Measuring Principals' Content Knowledge of Learning-Centered Leadership
The core challenge facing America’s schools, especially urban schools, is the improvement of students’ opportunities to learn. Such improvement will ultimately depend on improving teaching practice. The available evidence suggests that schools that cultivate particular in-school processes and conditions such as developing a shared vision and instructional norms, taking collective responsibility for students’ academic success, and supporting regular reflective dialogue among staff, create incentives and opportunities for teachers to improve (Purkey & Smith, 1983; Bryk & Driscoll, 1985; Newmann & Wehlage, 1995; Camburn, 1997). School leadership, especially principal leadership, is widely recognized as important in promoting these in-school processes and conditions (Rosenholtz, 1989; Lieberman, Falk, & Alexander, 1994; Louis, Marks, & Kruse, 1996; Sheppard, 1996; Bryk, Camburn, & Louis, 1999). Hence, meeting the excellence and equity challenge in urban schools will depend on school leaders who can effectively lead improvement in instructional practice (Barth, 1986; Leithwood, 1994).
The knowledge base on developing school leadership capacity is thin.
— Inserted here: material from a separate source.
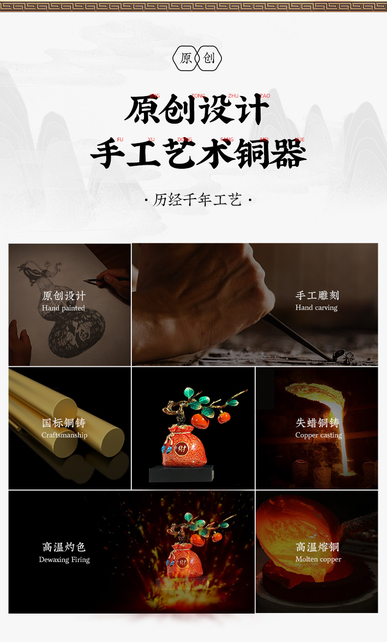 E-QK-BJ1501A世代有钱-纯铜摆件(220*100*220)
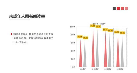 根据上述报告公布的数据,梳理发现,从未成年人的阅读率来看,2019年0—8周岁儿童图书阅读率为70.6%,较2018年的68.0%提高了2.6个百分点;9—13周岁少年儿童图书阅读率为97.9%,较2018年的96.3%提高了1.6个百分点。

While principal preparation and professional development programs are numerous, and new programs frequently appear on the scene, we lack strong empirical evidence about whether and how these programs contribute to improved school leadership practice. We also lack robust empirical evidence about how school leadership practice is connected to teachers’ efforts to improve their teaching and to student achievement. The experimental evidence on principals, their practice, and the effect of principal training programs (either professional development or pre-service) is virtually nonexistent (Camburn et al., 2007).